- Interactive map of Kresna Gorge Tunnel

Overview
- Location: Kresna Gorge, Bulgaria
- Coordinates: 41°46′7″N 23°9′18″E﻿ / ﻿41.76861°N 23.15500°E Kresna Gorge Tunnel (Bulgaria)
- Status: Cancelled
- Route: A 3 (Struma motorway), E79
- Start: Krupnik, Bulgaria
- End: Kresna, Bulgaria

Operation
- Operator: NCSIP
- Traffic: automobile
- Character: motorway, twin-tube
- Toll: no

Technical
- Length: 15.385 km (9.560 mi) east tube, 15.410 km (9.575 mi) west tube
- No. of lanes: 2 x 2

= Kresna Gorge Tunnel =

Planned tunnel in Blagoevgrad Province, Bulgaria

Kresna Gorge Tunnel was a planned twin-tube tunnel in Blagoevgrad Province, Bulgaria. The tunnel would have been part of Struma motorway (A3), that runs between Sofia and the border crossing to Greece, at the village of Kulata.
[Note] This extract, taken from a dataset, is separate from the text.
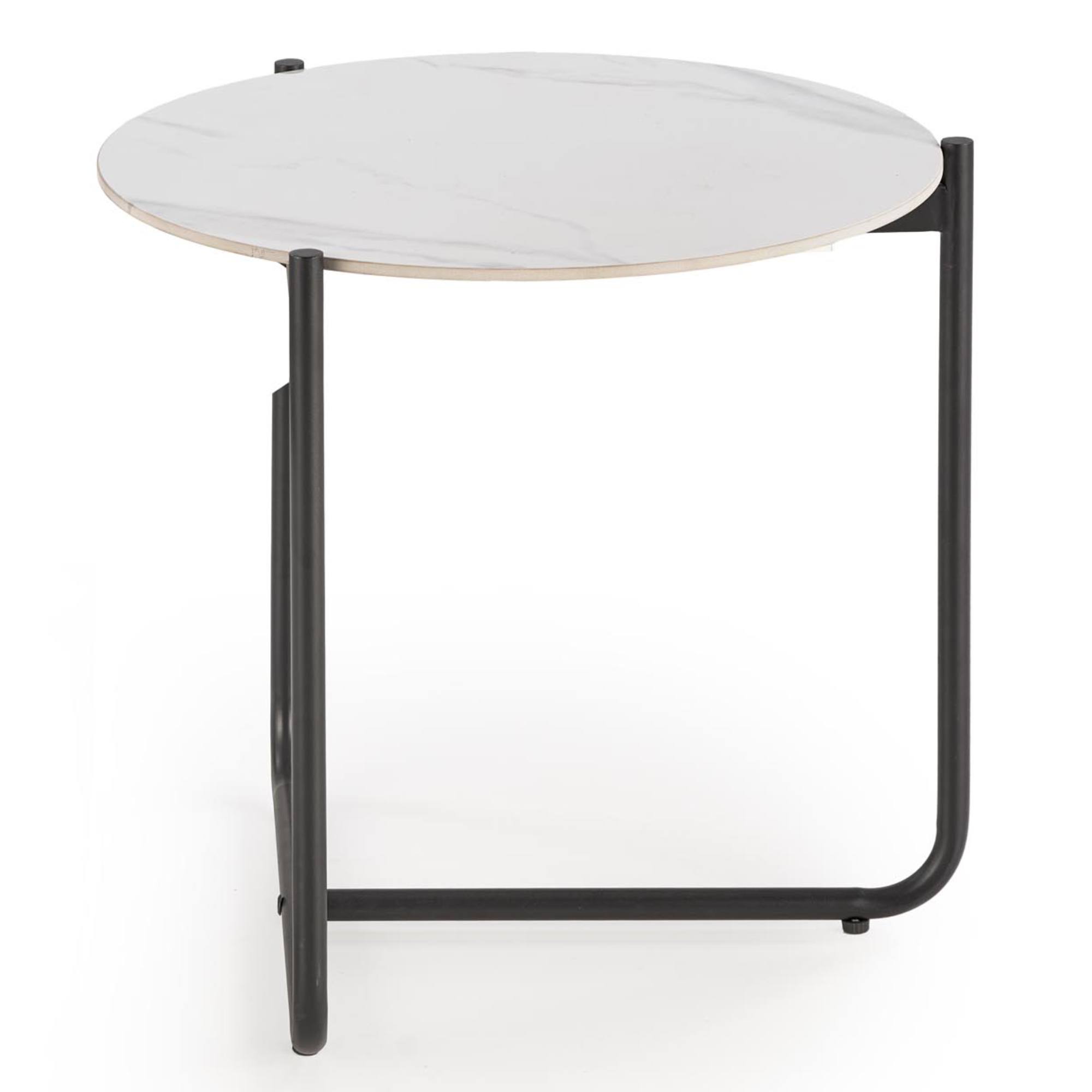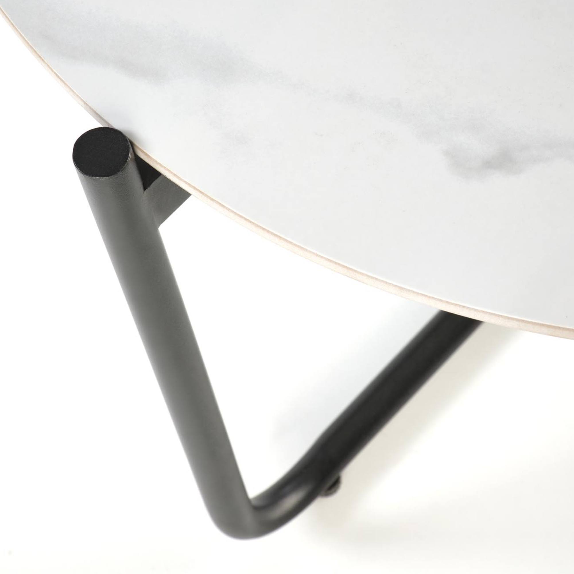 Pevná a stabilná konštrukcia tohto stolíka je vyrobená z kovu, ktorý je pokrytý práškovým nástrekom. Horná doska zo spekaného kameňa je ozdobená dekorom mramoru.

The proposed length of the tunnel of over 15 km would have placed it among the longest road tunnels in the world. The main reason to build a motorway tunnel of such length was to protect the environment in the Kresna Gorge.

The design works of the tunnel began in 2013. The construction was expected to begin in 2016, using the New Austrian Tunnelling method due to the diverse geology in the Kresna gorge, which makes the usage of TBM inapplicable. The construction costs along with the access roads were estimated at 1.1 billion levs (~560 million euro). As of 2015, plans were abandoned and an alternative route east of the gorge is being considered, which will involve a series of shorter tunnels and viaducts.